IDENTIFYING BRAIN WIRING MECHANISMS BY GENE TRAPPING

通过基因捕获识别大脑接线机制

• 批准号: 6671449
• 负责人: MARC TESSIER-LAVIGNE
• 金额: $ 133.12万
• 依托单位: STANFORD UNIVERSITY
• 依托单位国家: 美国
• 财政年份: 1999
• 资助国家: 美国
• 起止时间: 1999-12-06 至 2004-11-30
• 项目状态: 已结题
• 来源: https://reporter.nih.gov/project-details/6671449
• 关键词: axon; biomarker; brain; brain mapping; cell bank /registry; electroporation; embryonic stem cell; gene expression; genetic mapping; laboratory mouse; neuroanatomy; neuronal guidance; neurons; neurosciences; stainings; synapses; tissue /cell culture

A major challenge in the study of mammalian brain development is to identify the extracellular ligands and receptors that direct the assembly of the complex wiring pattern of the brain. A recent modification of the gene trap technique in embryonic stem cells, the "secretory trap", allows the systematic trapping of genes encoding ligands and receptors, and the generation of mice harboring mutations in these genes, providing an important tool to elucidate the functions of these genes. However, the problem with studying brain wiring is that it can be extremely difficult to identify changes in wiring resulting from experimental perturbation because of the difficulty of tracing the axonal projections of neurons. In particular, it is usually extremely difficult to identify wiring defects in mutant mice, whether the mutation arose spontaneously or was generated by gene targeting or insertional mutagenesis. We have conceived a further modification of the gene trap technique that should now dramatically facilitate the identification and characterization of receptors involved in wiring the mammalian nervous system. In our method, a histochemical axonal marker is targeted to neurons that normally express the trapped gene. This enables direct visualization of the connections made by these neurons, and direct visualization of wiring defects in homozygous mutant animals, through a simple histochemical stain. In this way the role of the trapped gene in brain wiring can be rapidly assessed. Of equal importance, and of great benefit to the Neuroscience community at large, the method will also simultaneously result in the generation of a bank of mice expressing the histochemical marker in different populations of axons, which will provide an important tool for researchers interested in elucidating the normal pattern of neuronal connections in the mammalian brain. A request is made here to support the isolation of a large number of secretory trap ES cell lines using this modified vector. It is proposed that 80 of these lines per year will be put through the germ line for expression and phenotypic analysis to identify those involved in wiring the nervous system, and to provide a resource of mice expressing the axonal marker in different populations of neurons for use by the Neuroscience community. We expect that this method will help greatly accelerate the pace of discovery of mechanisms that direct the wiring of the mammalian nervous system.

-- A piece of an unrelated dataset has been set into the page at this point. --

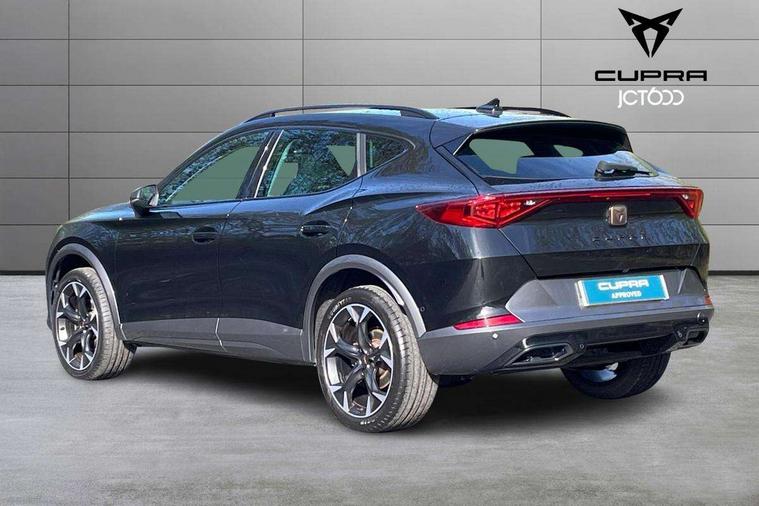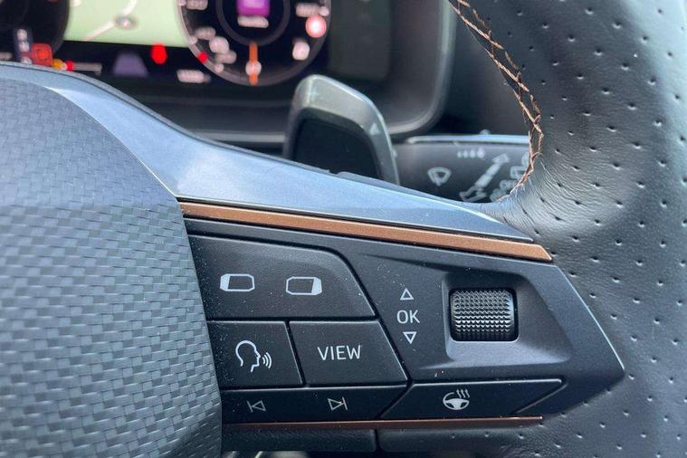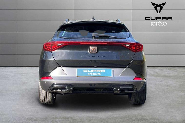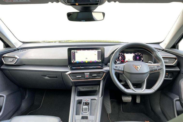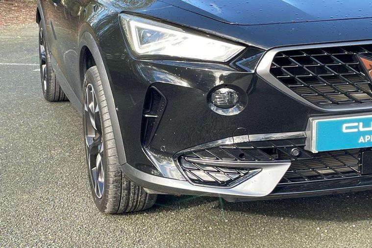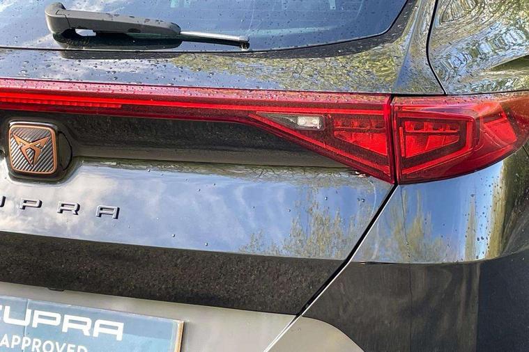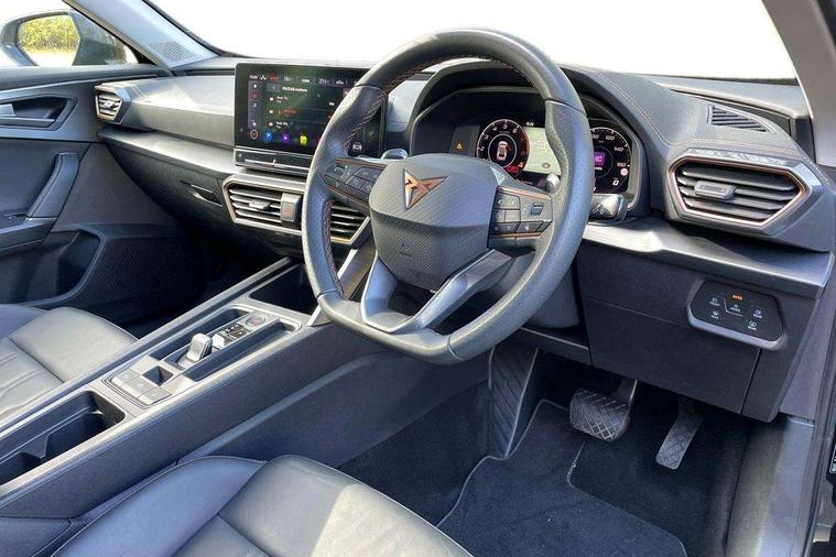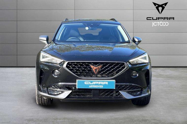 Digital cockpit and configurable dashboard, Driver alert system, Driving profile selection, E-call, Forward collision warning with automatic braking, Lane assist, Park assist (inc front/rear parking sensors), PAS, Predictive adaptive cruise control with speed limiter, Rear view camera, RPM, trip computer, outside temp gauge, instrument light brightness, low fuel warning light, lights on reminder, gearshift indicator, Service interval indicator, Start/stop system with regenerative braking, Wireless apple carplay, Wireless phone charger, Electronic locking differential and dynamic traction support, Standard suspension, 2 front and 2 rear USB type C sockets, Auxiliary input socket, DAB radio, Auto dimming rear view mirror, Body colour door handles, Body coloured bumpers, Dark grey wing mirror, Daytime running light with automatic headlight control and coming home feature, Dynamic headlight range control, Electric front/rear windows, Electrically adjustable heated and folding door mirrors with memory function, Front fog lamps with cornering function, Gloss black roof rails and window surrounds, LED Headlights, LED Taillights with dynamic indicator, Rain sensing wipers, Rear diffuser with black simulated exhaust pipes, Rear side wing doors, Rear wash/wipe, Third brake light, Tinted rear windows, Welcome lights, 12v power supply in centre console, 12V socket, 12v socket in loadspace, 2 front and 2 rear reading lights, 230V socket, 3 seat bench in 2nd row, 60/40 split rear bench seat with armrest and mechanical seat release, Dust/pollen filter, Front and rear head restraints, Front centre armrest, Height/reach adjust steering wheel, Illuminated interior front door sills, Illuminated sunvisor with mirror, Isofix, Leather multi function heated steering wheel with gear shift paddles, Luggage tie-down hooks, Single front passenger seat, Three zone climate control with control panel in rear, Variable luggage/load compartment floor, Wraparound lighting, Genuine Nappa leather Pack - Cupra, Navigation system pack with 10" navigation system - Formentor, 3 point seatbelts on all rear seats, ABS, Brake control system - ESC and brake booster, Child proof door locks, Driver and front passenger airbags with front passenger airbag de-activation, Electronic parking brake, Front and rear disc brakes, Front side curtain airbags, Hill hold control, Seat belt reminder for front and rear seats, Tyre pressure monitoring system, Anti theft alarm system, Keyless entry and start system (KESSY), Locking wheel bolts, Copper and aluminium interior detailing, 19" 'Exclusive' machined sport matte black and silver alloy wheels,

哺乳动物大脑发育研究的一个主要挑战是确定指导大脑复杂线路模式组装的细胞外配体和受体。最近对胚胎干细胞中的基因陷阱技术进行了改进，即“分泌陷阱”，可以系统地捕获编码配体和受体的基因，并产生携带这些基因突变的小鼠，这为阐明这些基因的功能提供了重要工具。然而，研究大脑线路的问题在于，由于难以追踪神经元的轴突投影，因此很难识别由实验扰动引起的线路变化。特别是，在突变小鼠中识别线路缺陷通常是极其困难的，无论突变是自发产生的还是由基因靶向或插入突变产生的。我们已经设想了一种基因陷阱技术的进一步改进，这种技术现在将极大地促进与哺乳动物神经系统连接有关的受体的识别和表征。在我们的方法中，组织化学轴突标记针对通常表达捕获基因的神经元。通过简单的组织化学染色，可以直接看到这些神经元之间的连接，也可以直接看到纯合突变动物的线路缺陷。通过这种方式，可以快速评估被困基因在大脑线路中的作用。同样重要的是，对于整个神经科学界来说，该方法也将同时产生在不同轴突群体中表达组织化学标记的小鼠库，这将为有兴趣阐明哺乳动物大脑中神经元连接的正常模式的研究人员提供重要工具。在此提出请求，支持使用这种改良的载体分离大量分泌诱捕胚胎干细胞系。据建议，每年将有80个这样的细胞系通过生殖细胞系进行表达和表型分析，以确定那些与神经系统连接有关的细胞系，并为神经科学界提供在不同神经元群体中表达轴突标记的小鼠资源。我们期望这种方法将有助于大大加快发现哺乳动物神经系统连接机制的步伐。